Pipelines also tend to be fully booked during the winter, meaning excess demand is forced onto the little-to-no remaining capacity.
In an aerial view, the Bastrop Energy Center Power Plant is seen on Dec. 30, 2024, in Cedar Creek, Texas. (Brandon Bell/Getty Images)
(Brandon Bell via Getty Images)
Natural gas markets are also facing a newer, but serious, strain: data centers. As Big Tech hyperscalers have raced to build out AI infrastructure, many of them have turned to natural gas for power while they wait in years-long queues to connect to the US primary power grid. That means natural gas pipeline capacity is even more restricted.
“Data center demand, higher renewables mix, & coal retirements have reduced flexibility,” and major reliability events are now a “key power sector risk,” utilities analysts at Jefferies wrote in a client note on Thursday morning. If gas deliverability were to suffer during a storm, the analysts wrote, “This would impair data center growth & public perception.”
For historical comparison, look to 2021’s Winter Storm Uri.
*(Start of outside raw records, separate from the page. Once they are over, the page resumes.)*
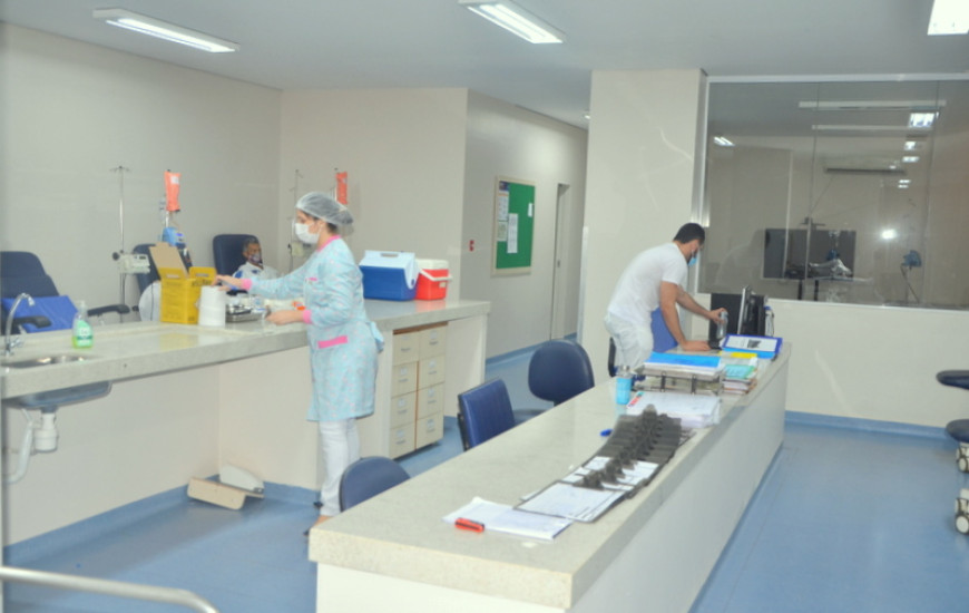 Na nova sala de quimioterapia, o posto de enfermagem ficou mais próximo dos pacientes, além da inclusão de uma sala pediátrica seguindo orientações do Ministério da Saúde. A obra de reforma e readequação foi realizada pelo Governo do Estado, por meio da Secretaria de Estado da Saúde (SES).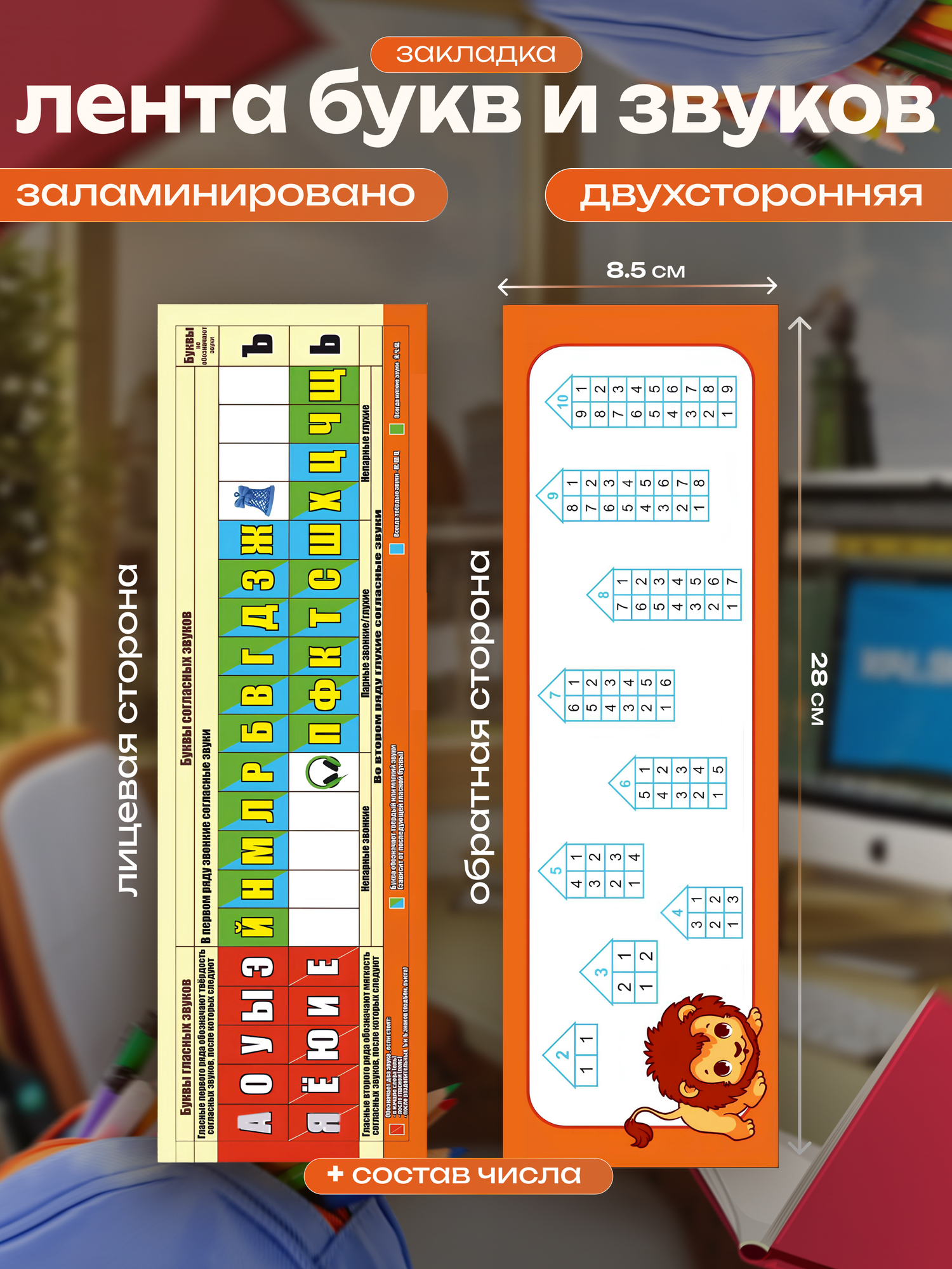 Отзывы на Закладка для книг шпаргалка Лента букв и звуков состав числа для первого класса 28 см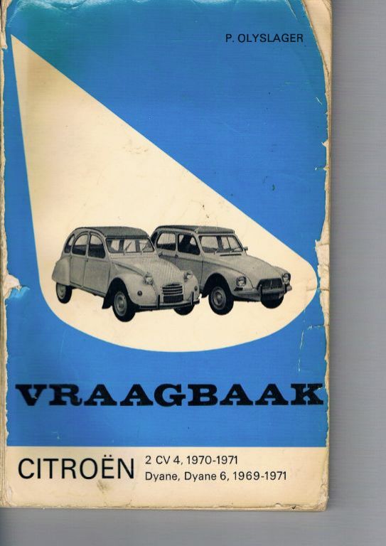 2 CV 4, 1971-1971, Dyane, Dyane 6, 1969-1971. Door P. Olyslager. Uitg. Kluwer. 1971. Achterin 4 losbladige schema's en overzichten. Het boekje is stevig gebruikt. Voor- en achterkaft liggen voor driekwart los. Achterkaft heeft een grote horizontale kreuk. Voorkaft heeft wat kreukjes, scheurtjes en mist hier en daar een stukje papier. De sneden hebben lichte vuilsporen. Het binnenwerk is in vrij goede staat. Kortom: geen mooi collectors item, maar een boek met de nodige informatie voor de gebruiker. 96 pagina's. Dikte 1 cm. Gewicht 228 gram. Verzendkosten vanaf € 3,95. Prijs € 9,50.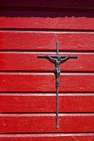 Dit eenvoudige kruisbeeld op een rode achtergrond trof ik in 2015 aan op een begraafplaats in Bonifacio, in het zuiden van Corsica.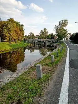 - Silniční most se sochami přes řeku Skalici (do Březnice pod názvem Vlčava).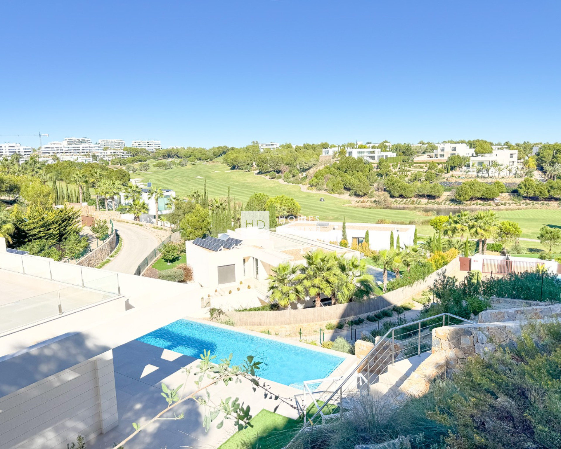 Luxueuse villa indépendante dans la communauté Madroño Las Colinas Golf avec 5 chambres, 4 salles de bains, salle de cinéma, garage, sous-sol et piscine privée avec vue imprenable sur le terrain de golf. Emplacement privé en deuxième ligne du terrain de golf. Vues panoramiques à 180° depuis une grande terrasse au rez-de-chaussée, ainsi que des terrasses supplémentaires à l'étage supérieur. Grand sous-sol avec 3 chambres, 2 salles de bains, une salle de cinéma et une buanderie. Garage privé pour deux voitures et espace pour plusieurs autres. Cuisine moderne avec des appareils électroménagers haut de gamme et un design moderne avec des finitions de haute qualité et de nombreuses caractéristiques spéciales. Située dans le complexe de golf exclusif de Las Colinas, cette propriété offre un magnifique refuge pour travailler depuis votre bureau à domicile ou vous détendre en famille. À seulement quelques minutes de toutes les commodités locales, ainsi que d'autres terrains de golf, de baies accueillantes avec des plages de sable blanc et des magasins.

The storm “drove significant gas and power sector disruptions with gas deliverability,” the Jefferies analysts wrote.
That same year, 87% of unplanned power generation outages due to fuel issues were related to natural gas, according to the Federal Energy Regulatory Commission.
“Severe winter storms have revealed a critical misalignment between the design of natural gas markets and the operational needs of gas-fired power plants, which are increasingly relied upon to maintain electric system reliability during periods of peak demand,” according to the Institute for Policy Integrity.
“As a result, generators often face barriers to procuring fuel when it is most needed, contributing to widespread outages during extreme weather events.”